From: Morgantown, WV
Region: Mid-Atlantic
Topic: Diseases and Disorders, Transplants, Shrubs
Title: Transplant shock in Vacccinum corymbosum (highbush blueberry)
Answered by: Barbara Medford and Joe Marcus

QUESTION:

Blueberry plants - We planted Northland and Blue Crop, 2 of each. All 4 plants have some leaves that are turning brown. This starts at the tip of the leaf, eventually encompasses the entire leaf, and the leaf falls off. The soil pH is from 4.5 to 5. The plants get full sun. We make sure we water them regularly. What is happening to these beautiful shrubs?

ANSWER:

Vaccinium corymbosum (highbush blueberry) is indeed a beautiful native plant and the cultivars you selected are among the best.

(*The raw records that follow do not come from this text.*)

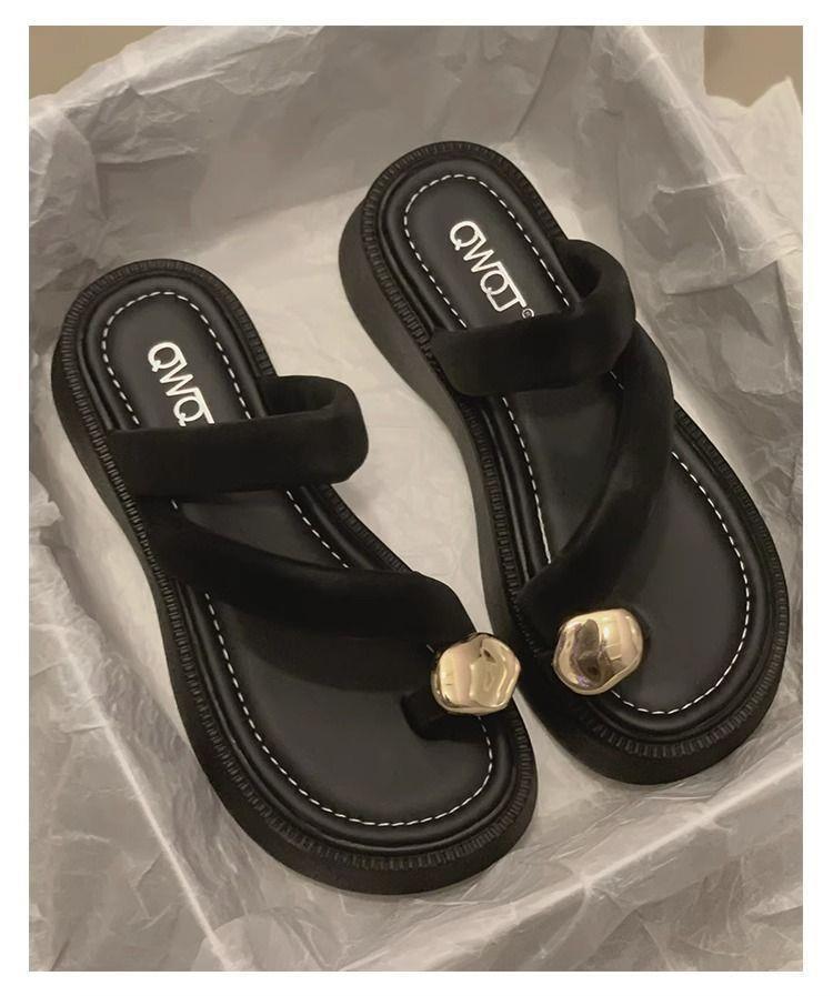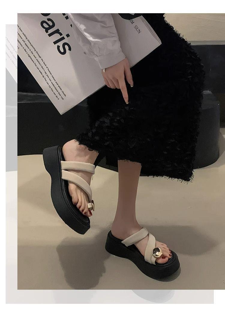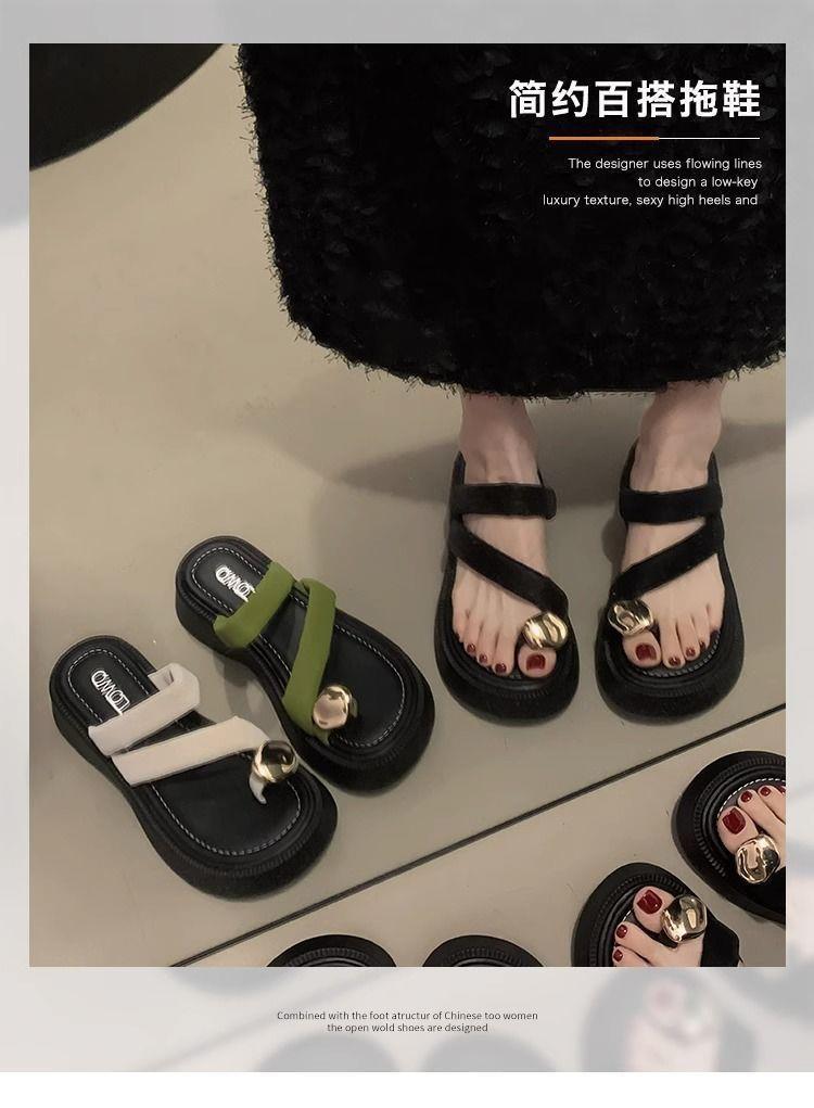 Zapatillas sin cordones para mujer, verano 2023, nuevas, de moda, combinables con todo, de metal, con suela gruesa, cómodas y casuales.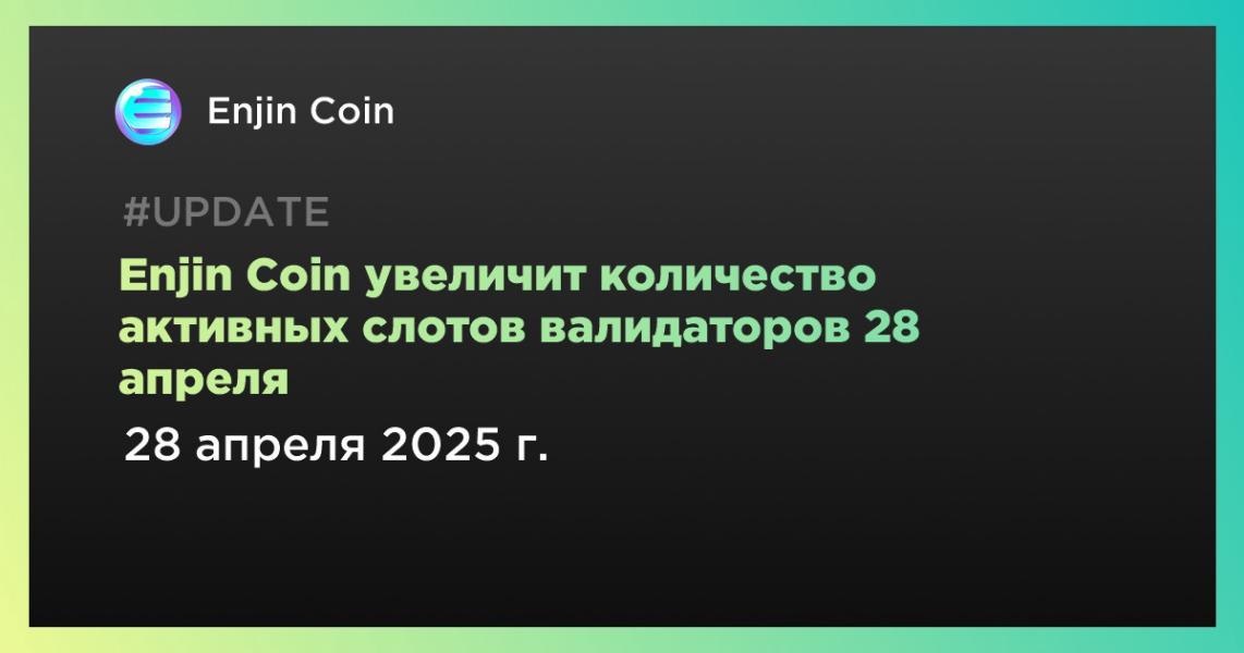 Enjin Coin увеличит количество активных слотов валидаторов 28 апреля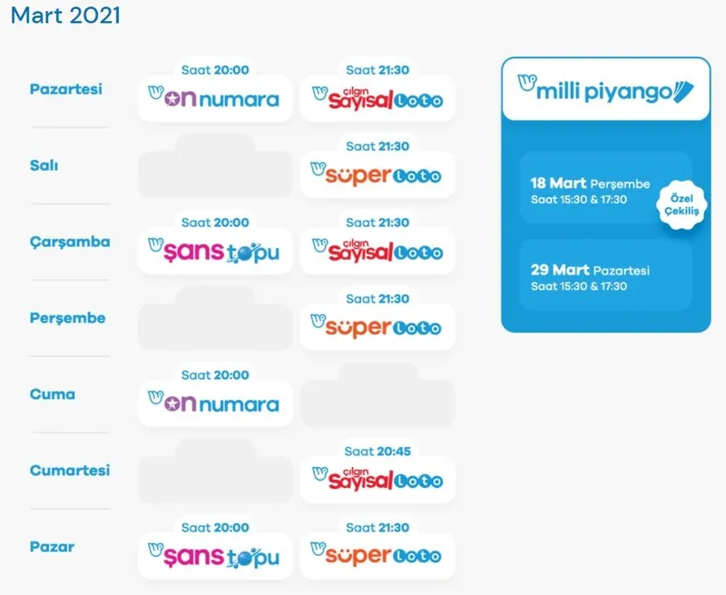 Şans Topu haftada 1 gün: Çarşamba günleri çekilir. Her çekilişte küre içerisindeki 34 numara içinden 5 numara, 14 numara içinden 1 numara çekilir.

Two possibilities occur to me regarding the leaf fall you are experiencing. The first is, it sounds like you just recently planted your bushes. Any plant, no matter how tough the plant nor how delicate the handling, will suffer some leaf fall from being transplanted. Many of the tiny little rootlets that bring moisture into the plant are damaged or lost, and the plant is expressing its displeasure by dropping some leaves. Transplant shock is exacerbated by full sun conditions. While your blueberry needs to be in full sun for maximum fruitset, it is a tough location for newly transplanted plants. A good mulch for the plant, some judicious pruning to reduce the plants' water demand and continued good irrigation should help your plants get over the transplant hump. Once established your blueberry bushes should bear fruit for decades. You and your neighborhood birds will enjoy them for years to come.

West Virginia University and Ohio State University have each published nice articles on growing blueberries. There are numerous other webpages online with similar information.